🤖 AI Summary
This work addresses key challenges in semi-supervised unified speech recognition (USR), where high-cost autoregressive pseudo-labeling and decoupled supervision between CTC and attention branches often lead to error accumulation under distribution shifts. To overcome these issues, the authors propose a CTC-driven teacher forcing mechanism that, for the first time, directly leverages greedy-decoded CTC pseudo-labels as targets for the attention branch, enabling synchronized training of both branches without expensive beam search. Additionally, a hybrid sampling strategy is introduced to mitigate exposure bias in the decoder. The proposed approach achieves state-of-the-art performance on LRS3, LRS2, and WildVSR benchmarks, halves training time, and significantly enhances robustness to out-of-distribution data, including long sequences, noisy inputs, and unseen domains.
📝 Abstract
Unified Speech Recognition (USR) has emerged as a semi-supervised framework for training a single model for audio, visual, and audiovisual speech recognition, achieving state-of-the-art results on in-distribution benchmarks.

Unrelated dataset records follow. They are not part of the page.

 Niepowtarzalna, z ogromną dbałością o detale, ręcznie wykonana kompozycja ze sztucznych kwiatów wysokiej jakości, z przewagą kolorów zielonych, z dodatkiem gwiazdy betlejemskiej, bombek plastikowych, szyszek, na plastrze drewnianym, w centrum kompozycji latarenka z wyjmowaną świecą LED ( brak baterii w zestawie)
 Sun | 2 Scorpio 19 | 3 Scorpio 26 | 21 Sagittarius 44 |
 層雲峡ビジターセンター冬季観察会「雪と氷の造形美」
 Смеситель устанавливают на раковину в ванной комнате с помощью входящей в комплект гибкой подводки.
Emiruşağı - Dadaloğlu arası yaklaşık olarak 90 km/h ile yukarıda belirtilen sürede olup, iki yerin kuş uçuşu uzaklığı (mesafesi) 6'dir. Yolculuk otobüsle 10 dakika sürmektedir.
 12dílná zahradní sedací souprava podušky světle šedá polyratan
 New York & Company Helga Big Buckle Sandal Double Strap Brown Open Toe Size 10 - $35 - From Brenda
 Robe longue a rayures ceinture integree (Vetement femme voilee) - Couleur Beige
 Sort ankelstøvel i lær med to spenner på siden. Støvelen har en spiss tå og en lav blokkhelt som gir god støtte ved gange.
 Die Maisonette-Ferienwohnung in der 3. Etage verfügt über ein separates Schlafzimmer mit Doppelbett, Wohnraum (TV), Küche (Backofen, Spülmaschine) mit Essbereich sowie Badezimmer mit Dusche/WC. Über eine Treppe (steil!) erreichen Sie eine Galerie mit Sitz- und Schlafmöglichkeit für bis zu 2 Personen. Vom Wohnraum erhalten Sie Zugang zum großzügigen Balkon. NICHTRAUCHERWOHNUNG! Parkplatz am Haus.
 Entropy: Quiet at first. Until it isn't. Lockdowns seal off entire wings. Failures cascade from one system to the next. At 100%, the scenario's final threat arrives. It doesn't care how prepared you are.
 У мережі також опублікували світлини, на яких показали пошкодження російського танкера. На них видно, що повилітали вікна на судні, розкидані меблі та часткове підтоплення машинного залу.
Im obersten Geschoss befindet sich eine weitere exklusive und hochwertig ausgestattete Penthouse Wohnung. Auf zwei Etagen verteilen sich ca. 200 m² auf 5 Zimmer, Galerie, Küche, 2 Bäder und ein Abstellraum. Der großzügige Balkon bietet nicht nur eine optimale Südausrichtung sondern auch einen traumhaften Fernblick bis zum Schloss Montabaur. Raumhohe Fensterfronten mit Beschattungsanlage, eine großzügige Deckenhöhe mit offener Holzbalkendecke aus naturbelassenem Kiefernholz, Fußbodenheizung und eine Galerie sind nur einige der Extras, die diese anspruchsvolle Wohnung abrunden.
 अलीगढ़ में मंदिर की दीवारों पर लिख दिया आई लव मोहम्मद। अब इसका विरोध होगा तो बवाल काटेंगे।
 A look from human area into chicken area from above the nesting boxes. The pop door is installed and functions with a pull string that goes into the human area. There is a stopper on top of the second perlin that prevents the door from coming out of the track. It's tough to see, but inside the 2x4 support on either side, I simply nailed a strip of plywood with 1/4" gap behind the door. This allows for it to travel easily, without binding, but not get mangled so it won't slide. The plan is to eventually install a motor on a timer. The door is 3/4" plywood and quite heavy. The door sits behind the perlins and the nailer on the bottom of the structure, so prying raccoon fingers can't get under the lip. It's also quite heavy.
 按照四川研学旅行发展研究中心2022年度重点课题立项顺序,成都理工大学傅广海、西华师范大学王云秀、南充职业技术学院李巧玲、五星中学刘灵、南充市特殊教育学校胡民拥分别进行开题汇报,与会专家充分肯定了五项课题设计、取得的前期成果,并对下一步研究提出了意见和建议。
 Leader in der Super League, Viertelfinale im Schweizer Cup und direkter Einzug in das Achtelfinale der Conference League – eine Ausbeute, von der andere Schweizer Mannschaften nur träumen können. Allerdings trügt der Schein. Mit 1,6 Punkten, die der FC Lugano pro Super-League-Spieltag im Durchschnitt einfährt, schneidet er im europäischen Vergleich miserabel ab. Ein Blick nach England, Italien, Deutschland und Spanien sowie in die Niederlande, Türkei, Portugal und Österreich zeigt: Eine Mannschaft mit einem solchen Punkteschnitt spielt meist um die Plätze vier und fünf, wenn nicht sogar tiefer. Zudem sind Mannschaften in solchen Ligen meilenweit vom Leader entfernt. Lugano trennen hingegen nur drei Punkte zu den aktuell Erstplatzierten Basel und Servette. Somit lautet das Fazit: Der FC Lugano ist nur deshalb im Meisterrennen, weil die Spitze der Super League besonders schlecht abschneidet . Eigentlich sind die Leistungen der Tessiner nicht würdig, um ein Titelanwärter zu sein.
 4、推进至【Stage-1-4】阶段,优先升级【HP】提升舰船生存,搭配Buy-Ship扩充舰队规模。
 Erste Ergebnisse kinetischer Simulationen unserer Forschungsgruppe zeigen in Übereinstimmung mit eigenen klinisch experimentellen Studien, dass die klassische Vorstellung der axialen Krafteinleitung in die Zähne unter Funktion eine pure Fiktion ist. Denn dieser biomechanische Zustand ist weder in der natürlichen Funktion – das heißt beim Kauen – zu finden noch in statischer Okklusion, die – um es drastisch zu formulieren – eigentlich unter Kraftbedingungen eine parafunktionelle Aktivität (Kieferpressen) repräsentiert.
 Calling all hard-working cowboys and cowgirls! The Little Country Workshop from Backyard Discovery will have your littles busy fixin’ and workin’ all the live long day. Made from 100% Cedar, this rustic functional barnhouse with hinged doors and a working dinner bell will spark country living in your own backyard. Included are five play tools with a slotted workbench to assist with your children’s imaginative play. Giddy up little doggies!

However, its reliance on autoregressive pseudo-labelling makes training expensive, while its decoupled supervision of CTC and attention branches increases susceptibility to self-reinforcing errors, particularly under distribution shifts involving longer sequences, noise, or unseen domains. We propose CTC-driven teacher forcing, where greedily decoded CTC pseudo-labels are fed into the decoder to generate attention targets in a single forward pass. Although these can be globally incoherent, in the pseudo-labelling setting they enable efficient and effective knowledge transfer. Because CTC and CTC-driven attention pseudo-labels have the same length, the decoder can predict both simultaneously, benefiting from the robustness of CTC and the expressiveness of attention without costly beam search. We further propose mixed sampling to mitigate the exposure bias of the decoder relying solely on CTC inputs. The resulting method, USR 2.0, halves training time, improves robustness to out-of-distribution inputs, and achieves state-of-the-art results on LRS3, LRS2, and WildVSR, surpassing USR and modality-specific self-supervised baselines.